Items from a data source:
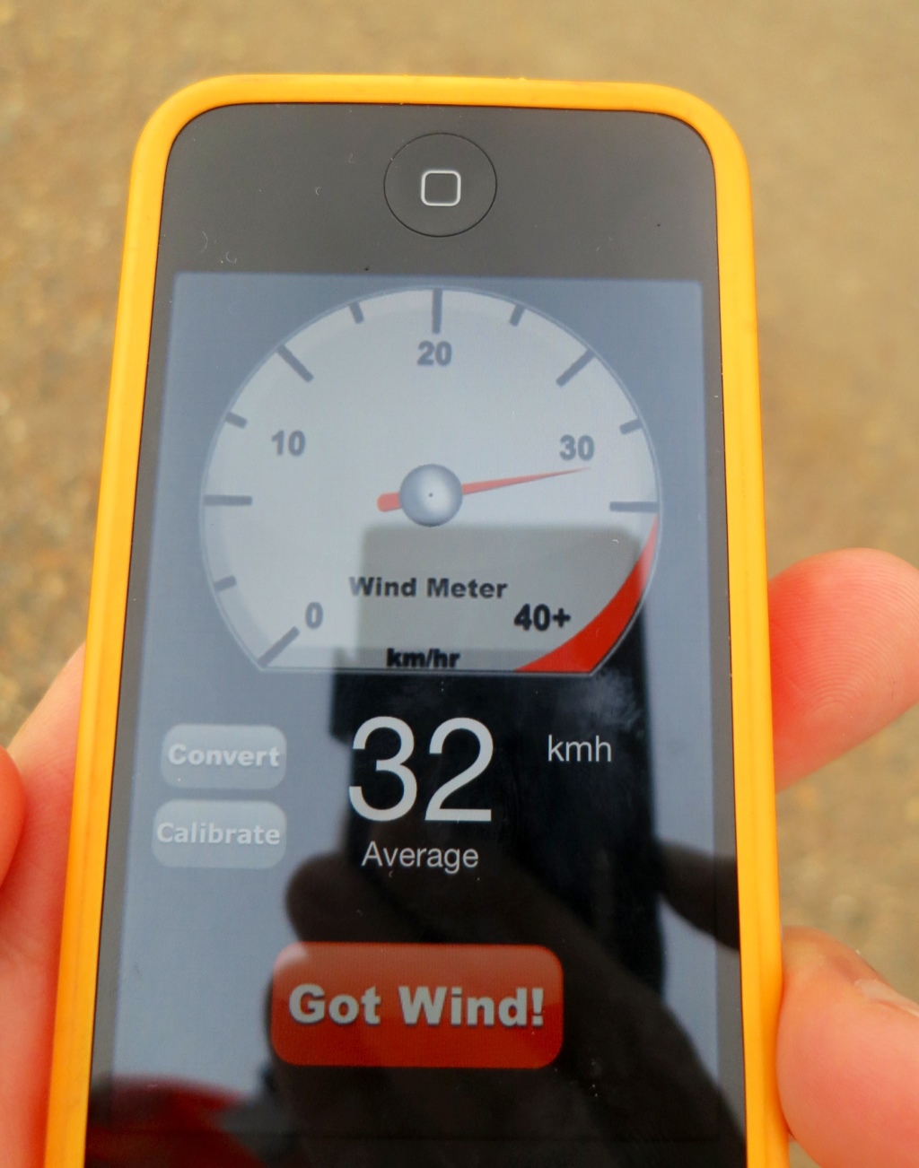And when I pull out my little anemometer app after arriving in Saskatoon, I can see it is still blowing fairly hard.
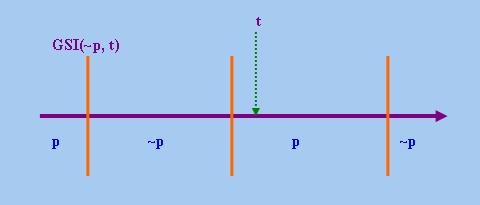 在上圖中,時間軸被分割為交替的p和~p區域(因為一個行為/事件可以發生不只一次,即在不同的時段中先後 為真),每個區域都有一個「下確界」(Infimum),代表該區域的起點。對於p (或~p)而言,我們可以有多個p (或~p)區域的「下確界」。但在給定時間t後,我們便可以在這眾多「下確界」中,確定唯一一個早於且最接近 t的「下確界」,稱為「最大較小下確界」(Greatest Smaller Infimum),記作GSI(p, t) (或GSI(~p, t))。利 用上圖,我們便可以把"already"的真值條件表達為下式(Lobner原本使用謂詞邏輯的符號「∃」 ,為與筆者以往使用的表達法一致,這裡採用「三分結構」的形式):
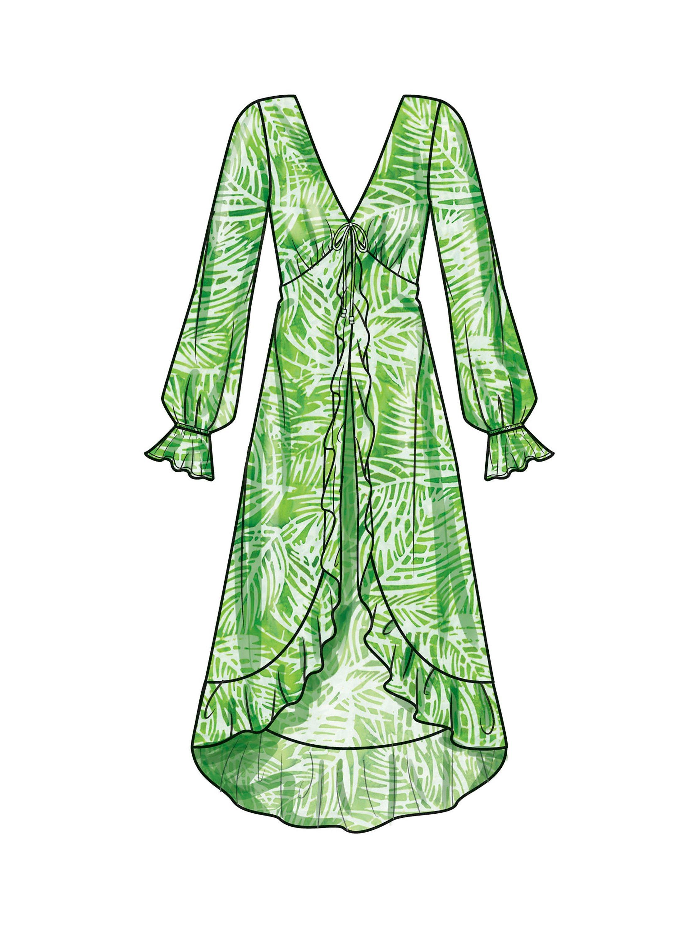 Misses' Dusters in three lengths have a deep V-neckline, lined bodice, tie front closure and bust gathers.
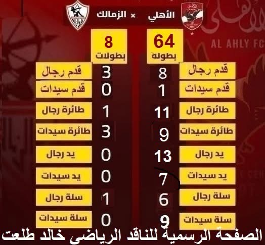 وكتب خالد طلعت عبر حسابه بموقع التواصل الإجتماعي فيسبوك: “بطولات الأهلي والزمالك في آخر 3 مواسم .. 64 بطولة للأهلي ، والزمالك يحصد البطولة الثامنة”. بالأمس".
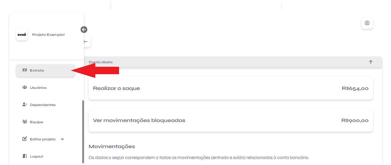 - No menu lateral direito, selecione a aba “Extrato”.
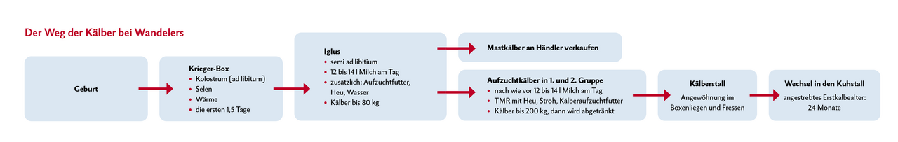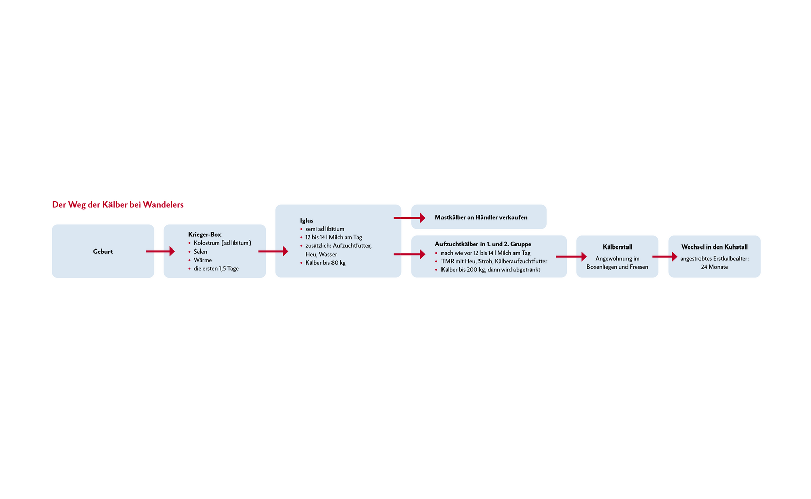 Wandeler setzte dies um, indem er von drei auf zwei Mal Tränken am Tag umstellte. Gleichzeitig wurde jedoch die Milchmenge hochgefahren. So erhalten die Kälber neu morgens und abends je sechs bis sieben Liter Milch, im Milchtaxi aufgewärmt auf rund 42 Grad.
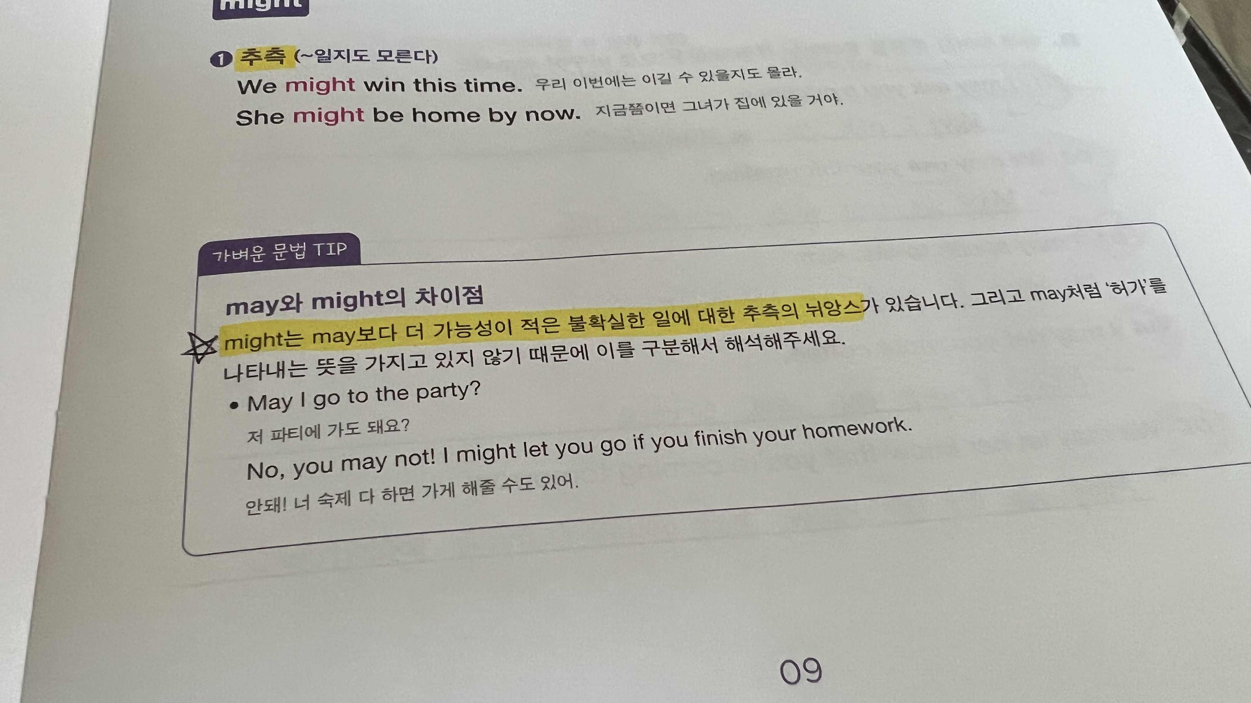 may, might도 학교다닐 때 분명히 배웠던 건데 기억이 가물가물 =_= 그리고 내가 알고 있던 '추측' 외에도 '허가, 요청' 등 다양한 의미로 사용된다는 사실도 새롭게 알 수 있었다.
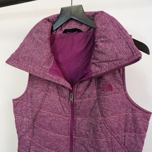 (Women's M) The North Face Pseudio Puffer Vest Heather Dark Berry Stripe Size M Pink
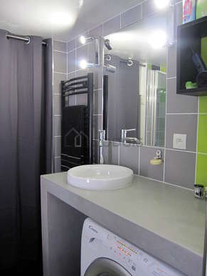 Este dúplex tiene una sala de baño magnífica y clara with ventanas. Este baño tiene todo lo necesario para su bienestar diario : toallas, estantería, armario empotrado, bañera, secador de pelo, radiador seca-toallas. El WC está separado de la sala del baño y ubicado en un espacio independiente.
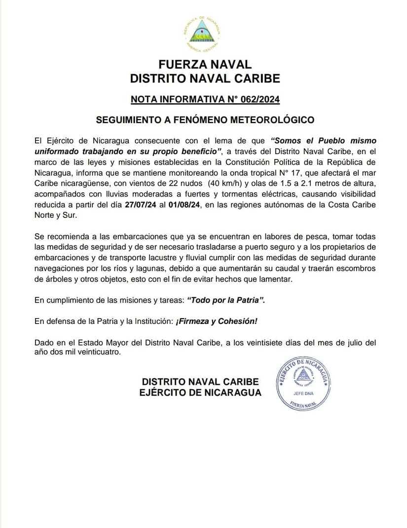 El Ejército de Nicaragua consecuente con el lema de que “Somos el Pueblo mismo uniformado trabajando en su propio beneficio”, a través del Distrito Naval Caribe, en el marco de las leyes y misiones establecidas en la Constitución Política de la República de Nicaragua, informa que se mantiene monitoreando la onda tropical N° 17, que afectará el mar Caribe nicaragüense, con vientos de 22 nudos (40 km/h) y olas de 1.5 a 2.1 metros de altura, acompañados con lluvias moderadas a fuertes y tormentas eléctricas, causando visibilidad reducida a partir del día 27/07/24 al 01/08/24, en las regiones autónomas de la Costa Caribe Norte y Sur.
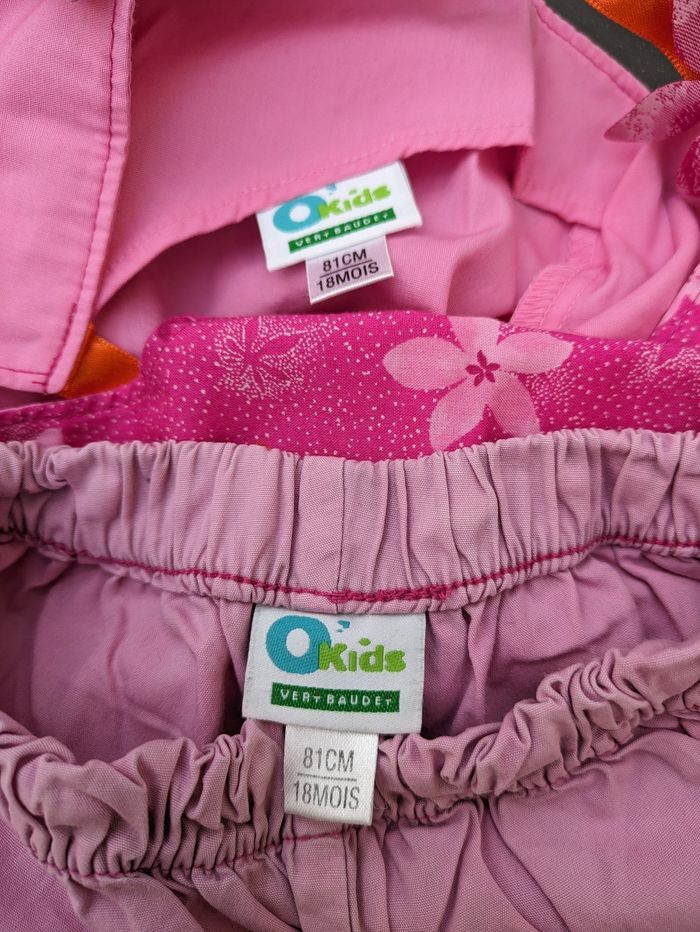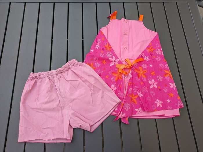 Bonjour, Je vends cet ensemble robe été + short taille élastique Vertbaudet pour fille 18 mois. Motifs fleurs. Attache robe par boutons et noeud dans le dos .
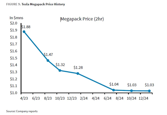 今年四季度实现营业收入30.6亿美元,略高于市场预期30.2亿美元,而本季度储能出货量继续高增,达到11GWH, 环比增长了近60%。而随着上海储能超级工厂在2025年一季度开始量产,特斯拉预计储能部署量将在2025实现50%的同比增长(2025年超过60Gwh)。

**TASK OBJECTIVE**
In the entries above, find the line containing "Wandeler setzte dies" and the line containing "(Women's M) The", then copy both and every line between them exactly, without any picture.

**SOLUTION TO THE PROBLEM**
 Wandeler setzte dies um, indem er von drei auf zwei Mal Tränken am Tag umstellte. Gleichzeitig wurde jedoch die Milchmenge hochgefahren. So erhalten die Kälber neu morgens und abends je sechs bis sieben Liter Milch, im Milchtaxi aufgewärmt auf rund 42 Grad.
 may, might도 학교다닐 때 분명히 배웠던 건데 기억이 가물가물 =_= 그리고 내가 알고 있던 '추측' 외에도 '허가, 요청' 등 다양한 의미로 사용된다는 사실도 새롭게 알 수 있었다.
 (Women's M) The North Face Pseudio Puffer Vest Heather Dark Berry Stripe Size M Pink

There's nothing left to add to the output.